Law enforcement reporting a tornado on the ground in Lamoure County North Dakota. I bet you guys chasing in Texas will be p-oed if nothing produces!
 
Sitting in Childress doesn't seem very hopeful ... the cold front is dragging southward quickly ... though there is support for backed low level flow in the vicinity of the triple point, the overall helicity does not seem supportive from 0-3 km ... this might be attributable to winds at 700 mb seemingly weak according to the RUC analysis.

Though if I was chasing I would be highlighting the triple point as well. So odd that NAM models, and later RUC models, were playing the greatest 0-6 km shears and helicities south and east along with an expectant low further south.
 
Ben,

We've dropped south of CDS now, with the cold front looking like it's undercutting developing convection.
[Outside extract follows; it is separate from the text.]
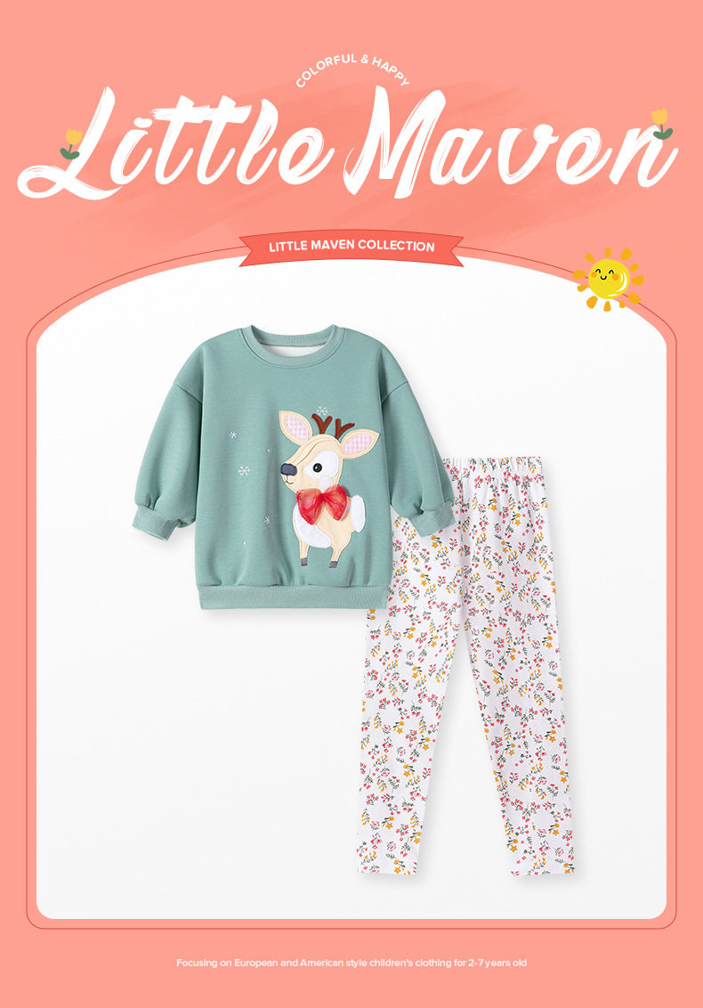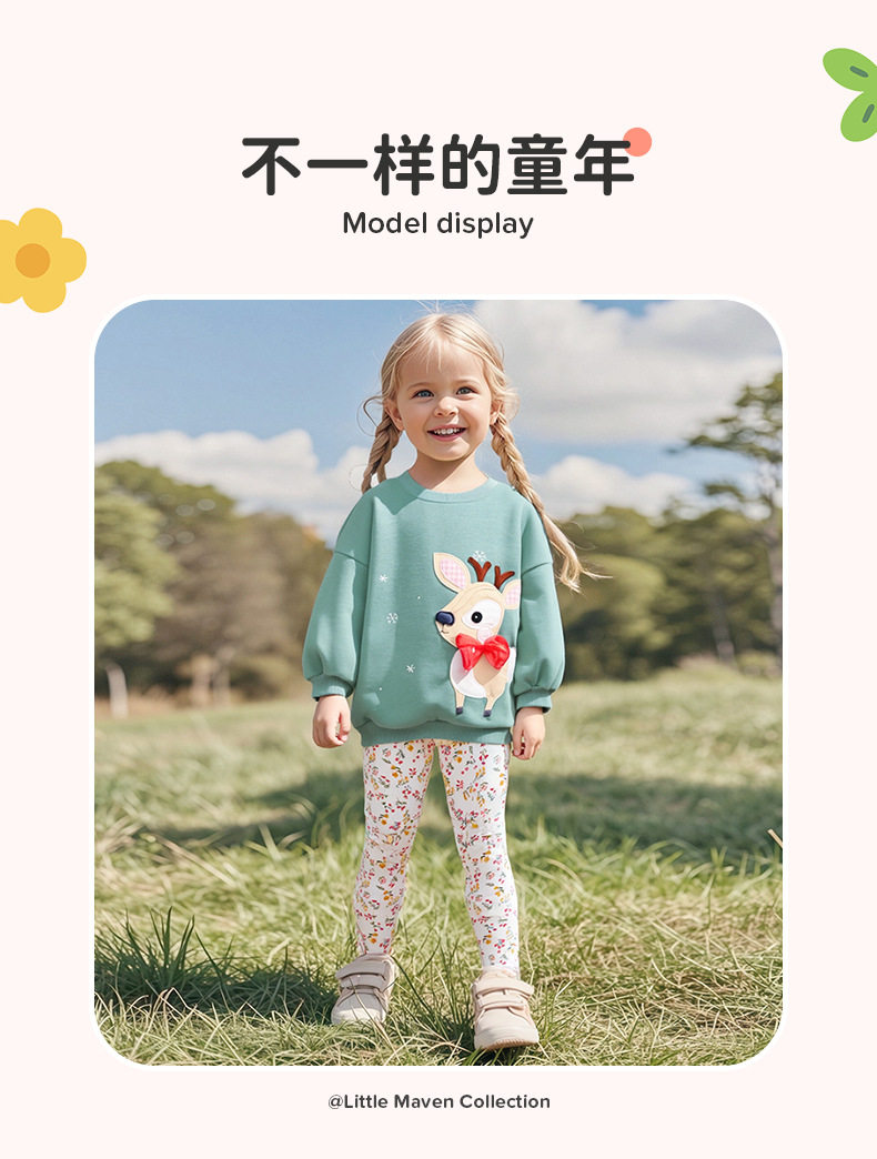 Ensemble de deux pièces dessin animé filles, nouveauté automne, sweat à capuche maille bébé et legging empilé Ensemble de deux pièces dessin animé filles, nouveauté automne, sweat à capuche maille bébé et legging empilé

There are a few gustnadoes/dust devils actually where we're sitting (next to a giant plowed field)... At least we're getting some rotational lovin'.
 
Absolutely amazing supercell down east of Del Rio. VAD from DFX shows a nice profile and the DRT 18Z sounding has a nice set up too for this storm. If you look at the 3.5 degree tilt from DFX, there's a nice doughnut shaped storm with probably an AMAZING updraft on the thing. Don't know if the area is populated much or not, but it would be a shame if that thing at least didn't get a big hail report to justify its existence.
 
The storm in Val Verde county (S of Sonora) is really phenomenal looking. Look at it on 1km satellite: http://weather.cod.edu/satellite/1km/W_Texas.gif

What a freakin' classic supercell! I especially love the flanking line....reflectivity (from SJT) maxing out at 75, VIL=73, G2G=-123/90(kts) on tilt 2.

I've chased right down there several times, though, and it's an absolutely impossible place to chase a storm.

As for N of there, is a lack of cap ruining everything?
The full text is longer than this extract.